**Required action:** Repeat the records exactly as given. Do not include the pictures.

[Extracted data entries]
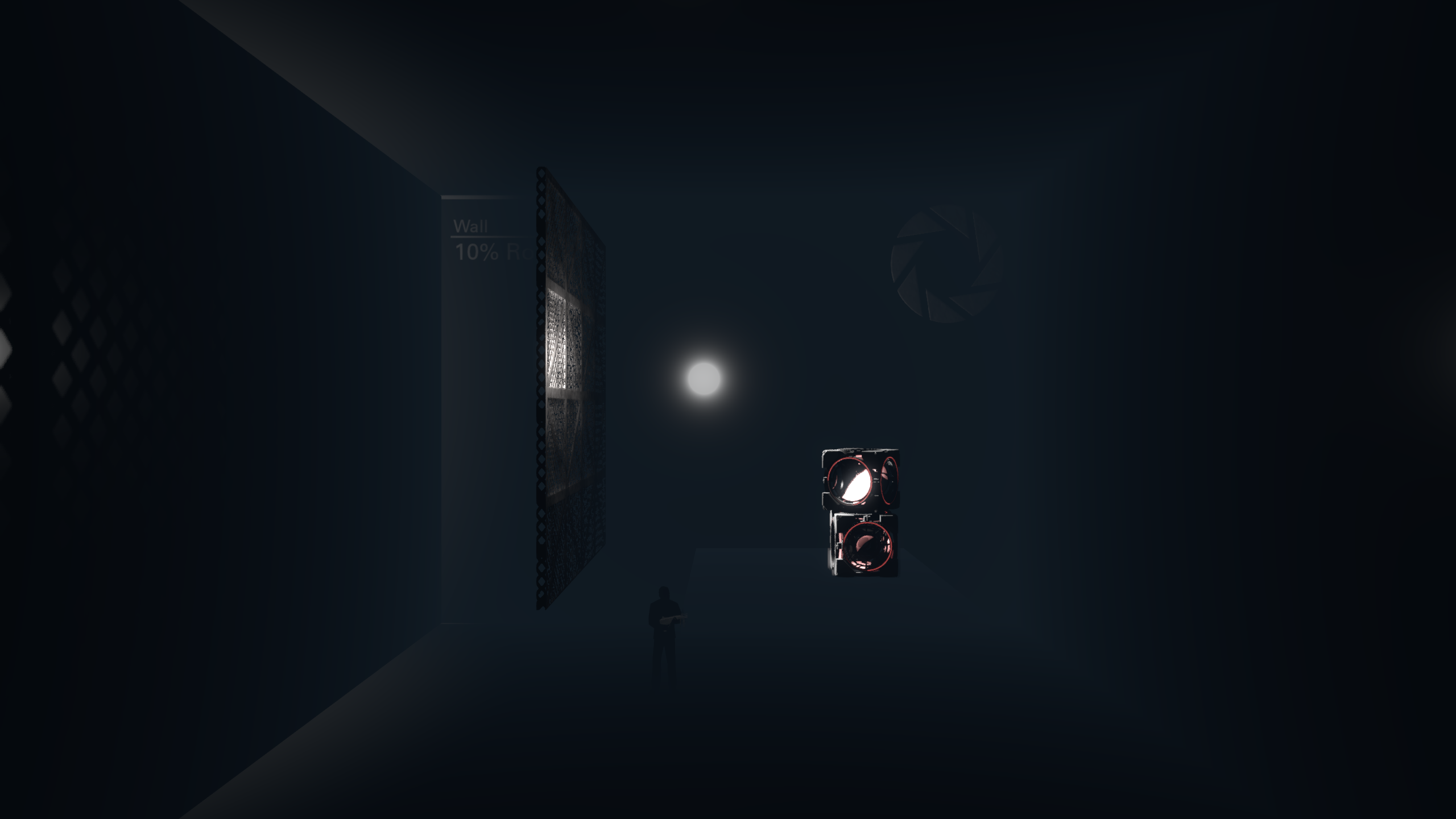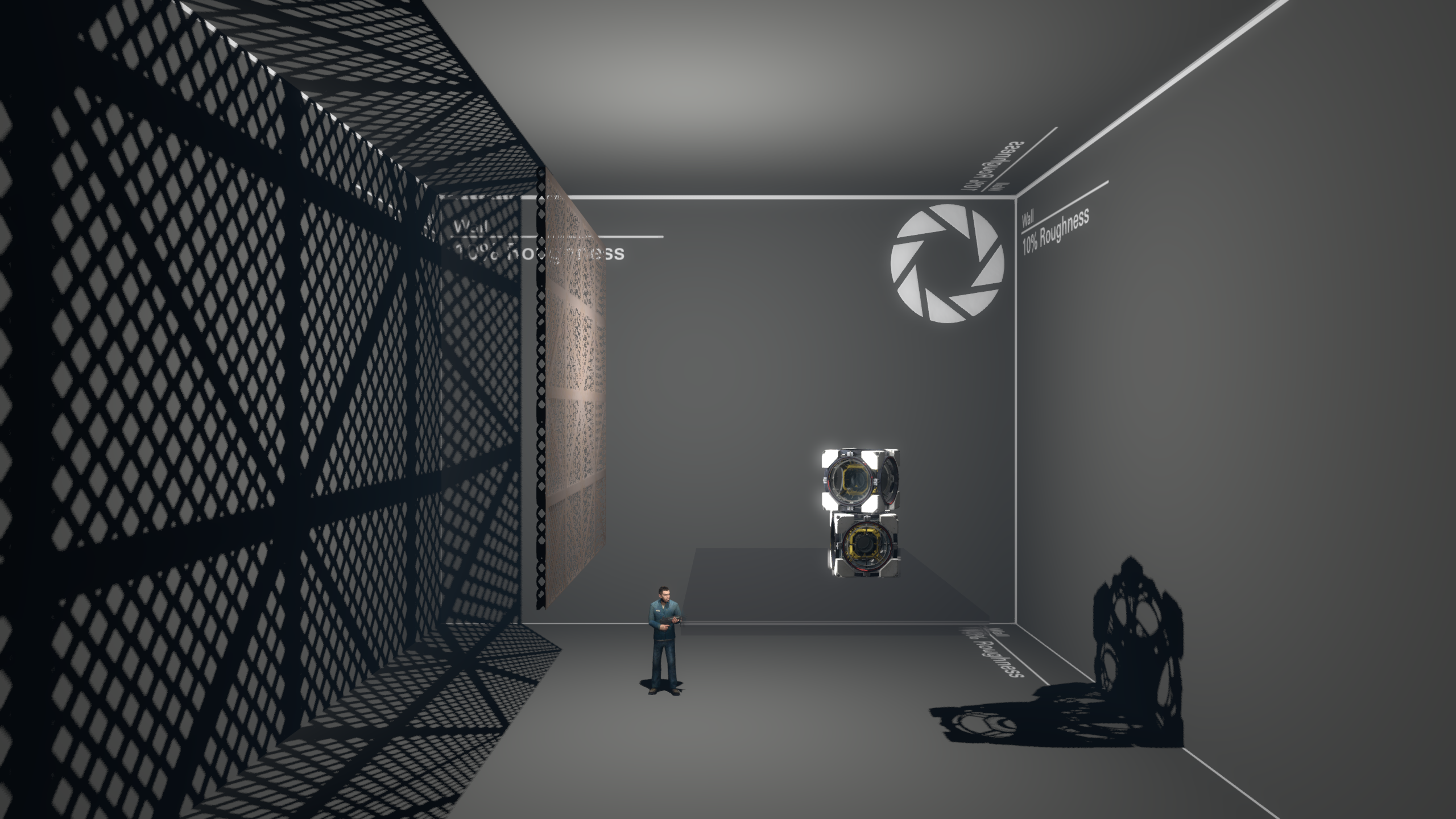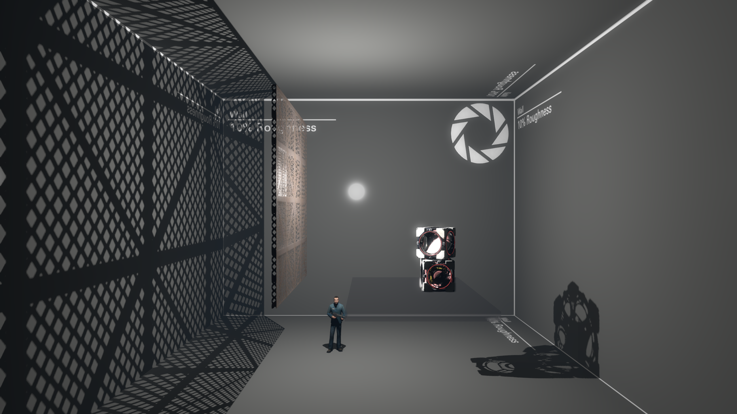 light_rton the top, casting shadows in all 6 directions, and a directionallight_rt_spoton the bottom, casting shadows in one direction.
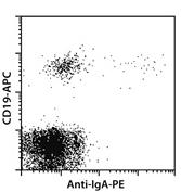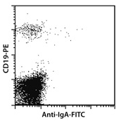 The Anti-IgA antibody clone IS11-8E10 detects both subclasses of human IgA. IgA is present either as monomer or in a secreted form as a multimer of 2-4 molecules, connected by the J-chain and the so-called secretory component. Secreted IgA is transported across epithelial cells and secreted into the lumen of the respiratory and gastrointestinal tract.
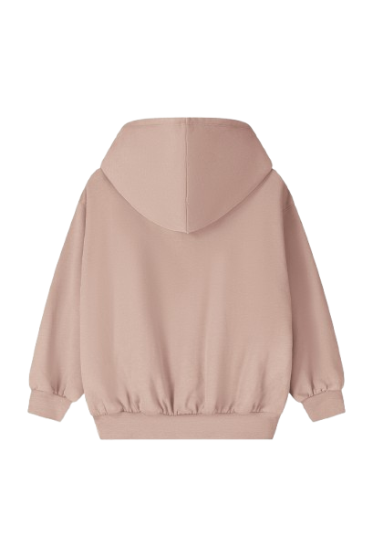 Roze hoodie van Grey Label gemaakt van zachte, biologische katoenen fleece, met een zichtbare voorkant en kangoeroezakken. De hoodie heeft een oversized pasvorm met verlaagde schouders, geribde manchetten en zoom. Afgewerkt met het illegale logo in crèmekleur op de borst.
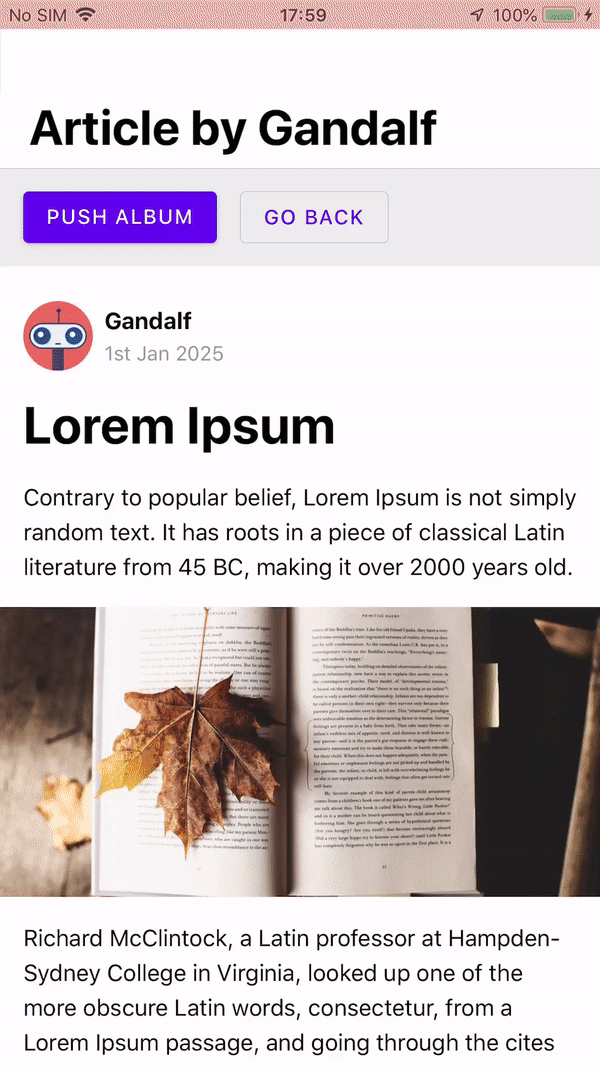 Traditionally, we have written our navigators in JavaScript for greater customizability. It fits a lot of use cases, but sometimes you want the exact native feel and the performance of native navigation. Now, we have added a new native stack navigator that uses native navigation primitives for navigation using the react-native-screens library. Under the hood, it just uses native components which might be obvious choice for native development and might be a good pick in the most cases.
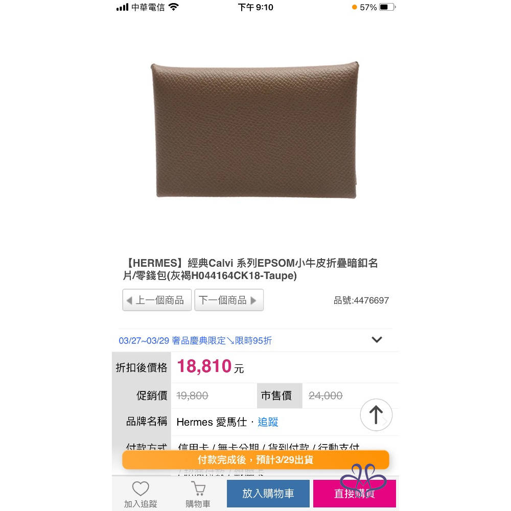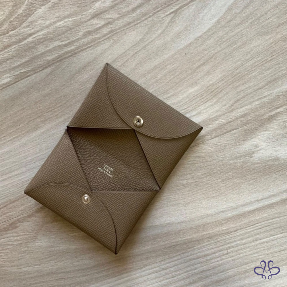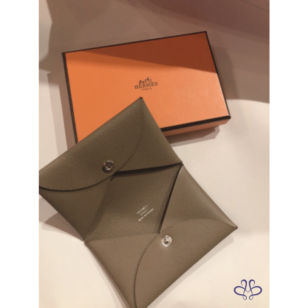 全新/全新/愛馬仕Calvi大象灰卡夾
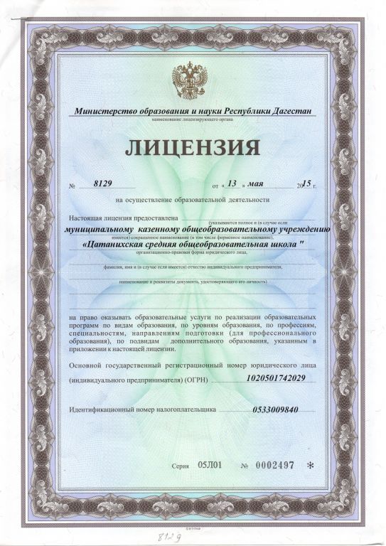 | Полное наименование образовательной организации* | Муниципальное казенное общеобразовательное учреждение "Цатанихская средняя общеобразовательная школа" |
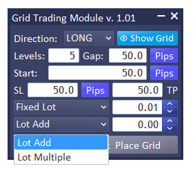 For example, if the fixed lot is 1.00 and Lot Multiple is set to 2, the first order is 1.00, the next one doubles to 2.00, the third becomes 4.00, the fourth 8.00, and it keeps increasing by the same multiplier with each step.
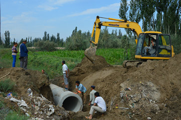 8月12日,墩克什拉克村的排碱沟渠道里一台大型挖掘机正在挖土,修路工人们汗流浃背的忙着安装桥涵,很多村民们围在渠道边,高兴谈论着集团住村工作二组为村民修路的好事。
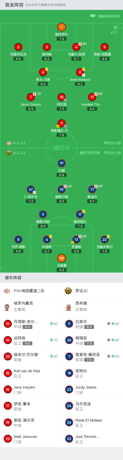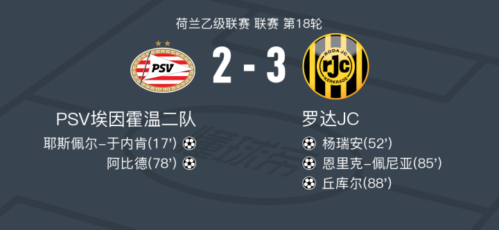 在荷兰乙级联赛第18轮的较量中,PSV埃因霍温二队坐镇主场迎战罗达JC。比赛中,PSV埃因霍温二队的耶斯佩尔-于内肯率先为球队取得领先。随后,罗达JC的杨瑞安扳平比分。PSV埃因霍温二队的Jordy Bawuah送出精彩助攻,帮助阿比德再次将比分超出。然而,罗达JC展现出顽强的斗志,恩里克-佩尼亚和丘库尔接连破门,最终帮助球队逆转取胜。比赛以PSV埃因霍温二队2-3不敌罗达JC告终。

**Problem solution:**
 light_rton the top, casting shadows in all 6 directions, and a directionallight_rt_spoton the bottom, casting shadows in one direction.
 The Anti-IgA antibody clone IS11-8E10 detects both subclasses of human IgA. IgA is present either as monomer or in a secreted form as a multimer of 2-4 molecules, connected by the J-chain and the so-called secretory component. Secreted IgA is transported across epithelial cells and secreted into the lumen of the respiratory and gastrointestinal tract.
 Roze hoodie van Grey Label gemaakt van zachte, biologische katoenen fleece, met een zichtbare voorkant en kangoeroezakken. De hoodie heeft een oversized pasvorm met verlaagde schouders, geribde manchetten en zoom. Afgewerkt met het illegale logo in crèmekleur op de borst.
 Traditionally, we have written our navigators in JavaScript for greater customizability. It fits a lot of use cases, but sometimes you want the exact native feel and the performance of native navigation. Now, we have added a new native stack navigator that uses native navigation primitives for navigation using the react-native-screens library. Under the hood, it just uses native components which might be obvious choice for native development and might be a good pick in the most cases.
 全新/全新/愛馬仕Calvi大象灰卡夾
 | Полное наименование образовательной организации* | Муниципальное казенное общеобразовательное учреждение "Цатанихская средняя общеобразовательная школа" |
 For example, if the fixed lot is 1.00 and Lot Multiple is set to 2, the first order is 1.00, the next one doubles to 2.00, the third becomes 4.00, the fourth 8.00, and it keeps increasing by the same multiplier with each step.
 8月12日,墩克什拉克村的排碱沟渠道里一台大型挖掘机正在挖土,修路工人们汗流浃背的忙着安装桥涵,很多村民们围在渠道边,高兴谈论着集团住村工作二组为村民修路的好事。
 在荷兰乙级联赛第18轮的较量中,PSV埃因霍温二队坐镇主场迎战罗达JC。比赛中,PSV埃因霍温二队的耶斯佩尔-于内肯率先为球队取得领先。随后,罗达JC的杨瑞安扳平比分。PSV埃因霍温二队的Jordy Bawuah送出精彩助攻,帮助阿比德再次将比分超出。然而,罗达JC展现出顽强的斗志,恩里克-佩尼亚和丘库尔接连破门,最终帮助球队逆转取胜。比赛以PSV埃因霍温二队2-3不敌罗达JC告终。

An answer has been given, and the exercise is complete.